Antisemitischer Vorfall führt zu Spielabbruch bei Berliner Fußballpartie
Erneut ist es bei einem Fußballspiel eines jüdischen Vereins in der deutschen Hauptstadt zu mutmaßlich antisemitischen Beleidigungen gekommen. Die zweite Mannschaft des TuS Makkabi Berlin trat am Sonntagnachmittag im Sportstadion Hakenfelde in Spandau gegen den SSC Teutonia 1899 an, als ein Zuschauer in der 55. Spielminute den Spielführer der Makkabi-Mannschaft bei einem Einwurf mit einer antisemitischen Bemerkung zu dessen Armbinde ansprach. Anschließend sollen noch weitere ähnliche Äußerungen gefallen sein, wie die Polizei Berlin mitteilte.
Verein entscheidet sich für sofortigen Spielabbruch
Der TuS Makkabi reagierte umgehend auf die Vorfälle und entschied, nicht weiter zu spielen. Der Schiedsrichter brach die Partie daraufhin offiziell ab.

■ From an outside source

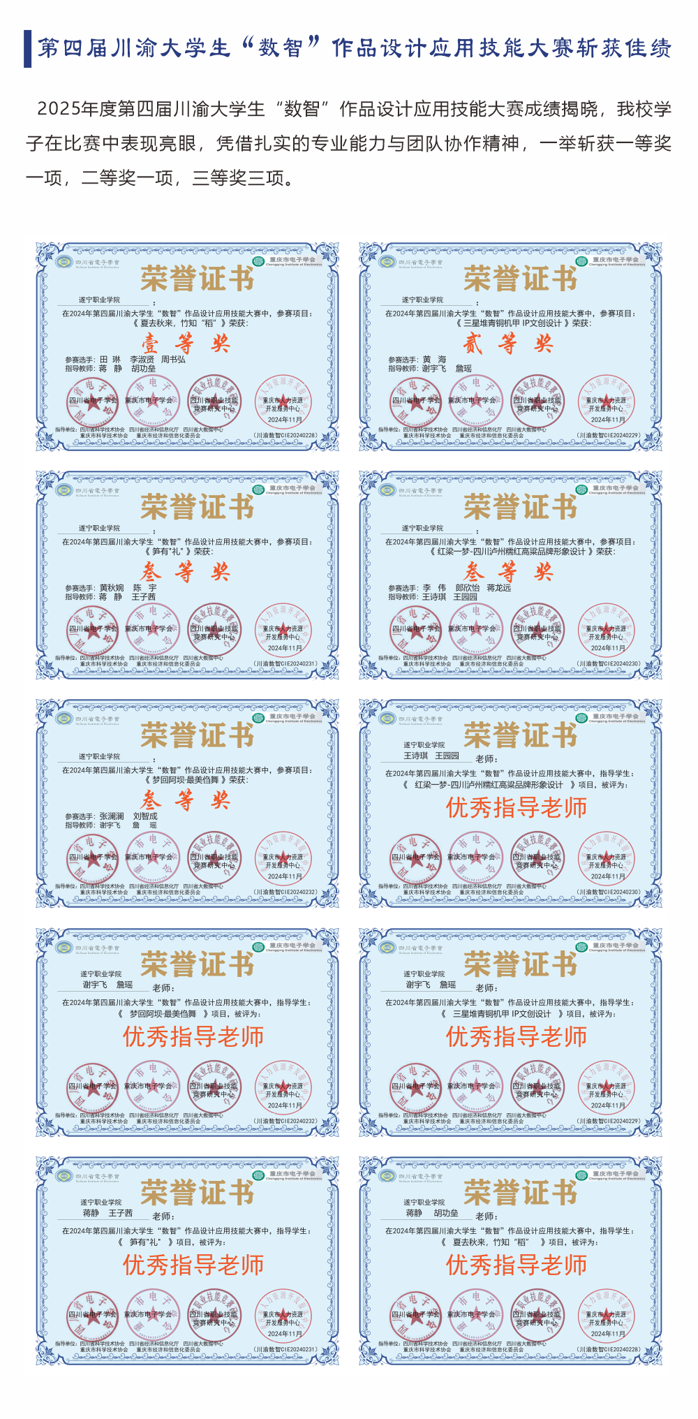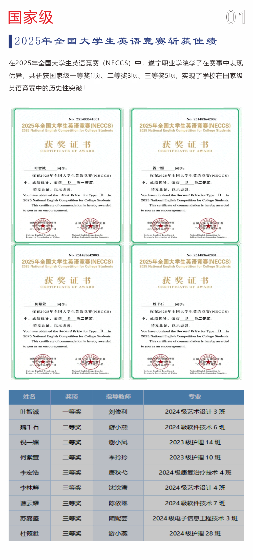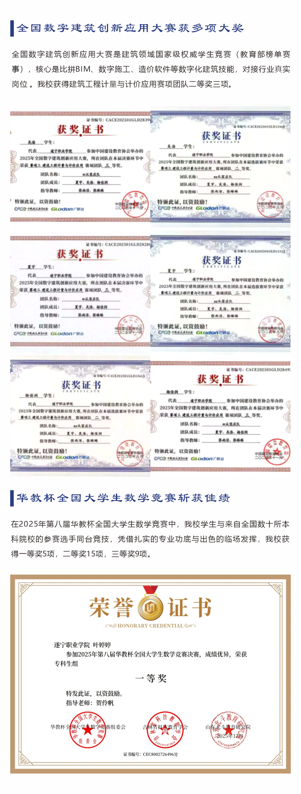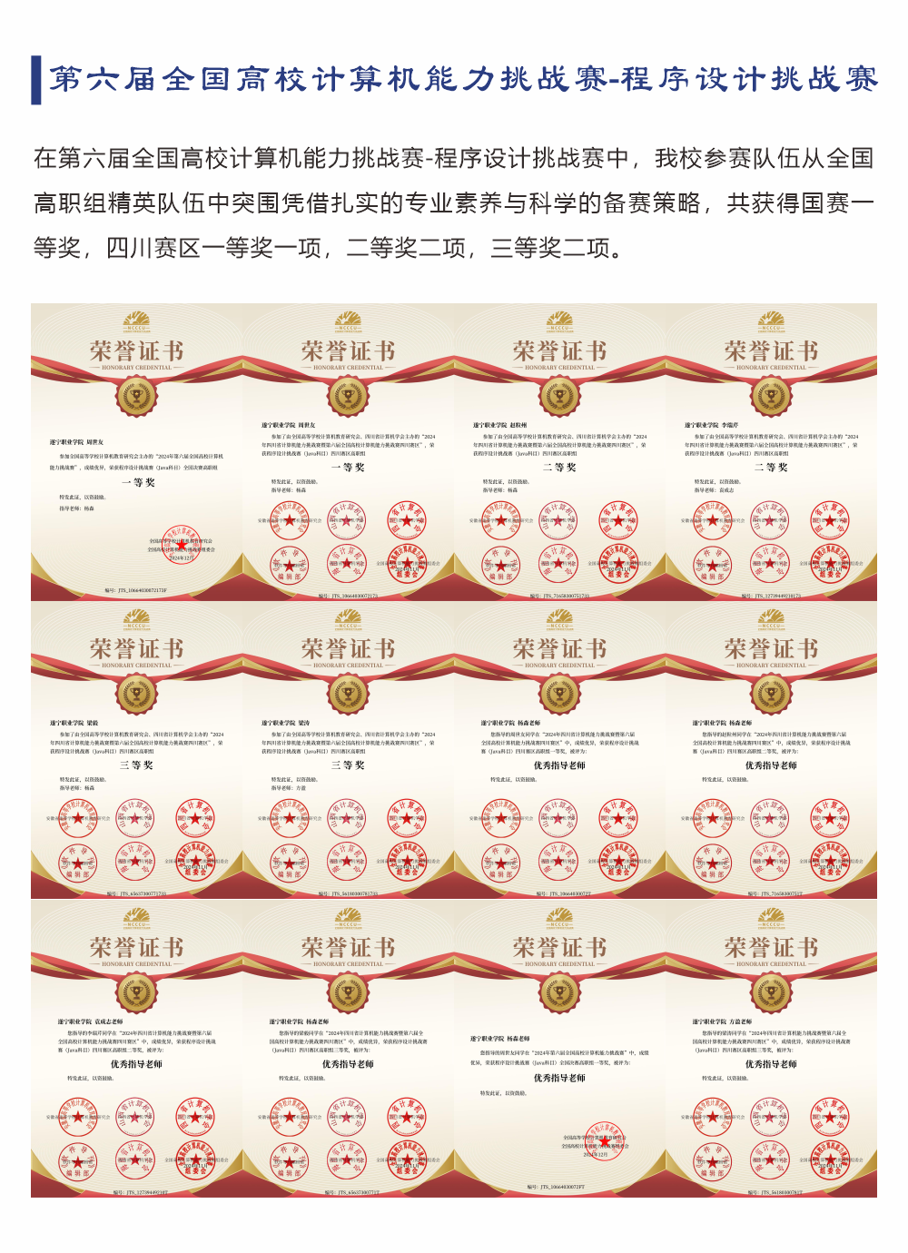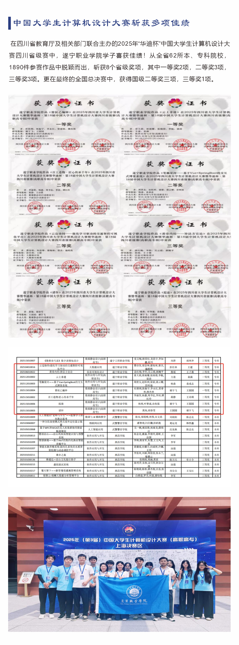 累计斩获国家级奖项126项,省级奖项171项

Polizeibeamte identifizierten noch am Spieltag einen 52-jährigen Mann als mutmaßlichen Täter und stellten seine Identität sicher. Der für politisch motivierte Straftaten zuständige Staatsschutz des Landeskriminalamtes Berlin hat die Ermittlungen übernommen und prüft den Verdacht der antisemitischen Volksverhetzung sowie der Beleidigung.
Dieser Vorfall reiht sich ein in eine Serie antisemitischer Vorkommnisse im deutschen Fußball, die insbesondere nach dem Terrorangriff der islamistischen Hamas auf Israel im Oktober 2023 und der darauffolgenden militärischen Reaktion Israels zugenommen haben. Bereits 2024 kam es zu Übergriffen auf Jugendspieler des TuS Makkabi in Berlin, und in Amsterdam wurden jüdische Fußballfans attackiert.
Fußball als Brennglas gesellschaftlicher Entwicklungen
Alon Meyer, Präsident des jüdischen Sportverbandes TuS Makkabi Deutschland, hatte 2024 den Fußball als „Brennglas der Gesellschaft“ bezeichnet. Meyer, der den rund 40 Makkabi-Ortsvereinen in ganz Deutschland vorsteht, betonte zugleich die positive Kraft des Sports: „Als Werkzeug ist der Sport ein ganz einfaches Tool, um Vorurteile abzubauen, Brücken zu bauen und Menschen zu sensibilisieren.“
Im Herbst 2025 beendeten der Deutsche Fußball-Bund (DFB), der Nordostdeutsche Fußballverband (NOFV) und Makkabi Deutschland ein dreijähriges Pilotprojekt im Kampf gegen Rassismus im Fußball. Unter dem Motto „Fußballzeit ist die beste Zeit gegen Rassismus“ wurden in der Pilotregion Nordostdeutschland 1.169 Amateurvertreter aus 165 Vereinen erreicht und 75 konkrete Maßnahmen umgesetzt. Knapp 90 Prozent der Teilnehmer gaben an, sich durch die Schulungen kompetenter im Umgang mit Rassismus zu fühlen.
Bundesweite Ausweitung der Anti-Rassismus-Arbeit geplant
In den beteiligten Vereinen wurden pädagogische Trainings angeboten, um sich auf dem Fußballplatz dem sensiblen Thema Rassismus anzunähern. Der DFB kündigte an, das Thema „permanent auf der Tagesordnung zu lassen“ und die erfolgreichen Ansätze bundesweit auszuweiten. Zukünftig sollen auch Schulen stärker in die Präventionsarbeit einbezogen werden, um bereits bei jungen Spielern und Fans ein Bewusstsein für Toleranz und Respekt zu schaffen.
Der aktuelle Vorfall in Berlin-Spandau unterstreicht die Notwendigkeit solcher Initiativen und zeigt, dass antisemitische Ressentiments im Fußballumfeld weiterhin präsent sind. Die Ermittlungen des Staatsschutzes laufen, während der TuS Makkabi die Solidarität vieler Fußballverbände und Vereine erfährt.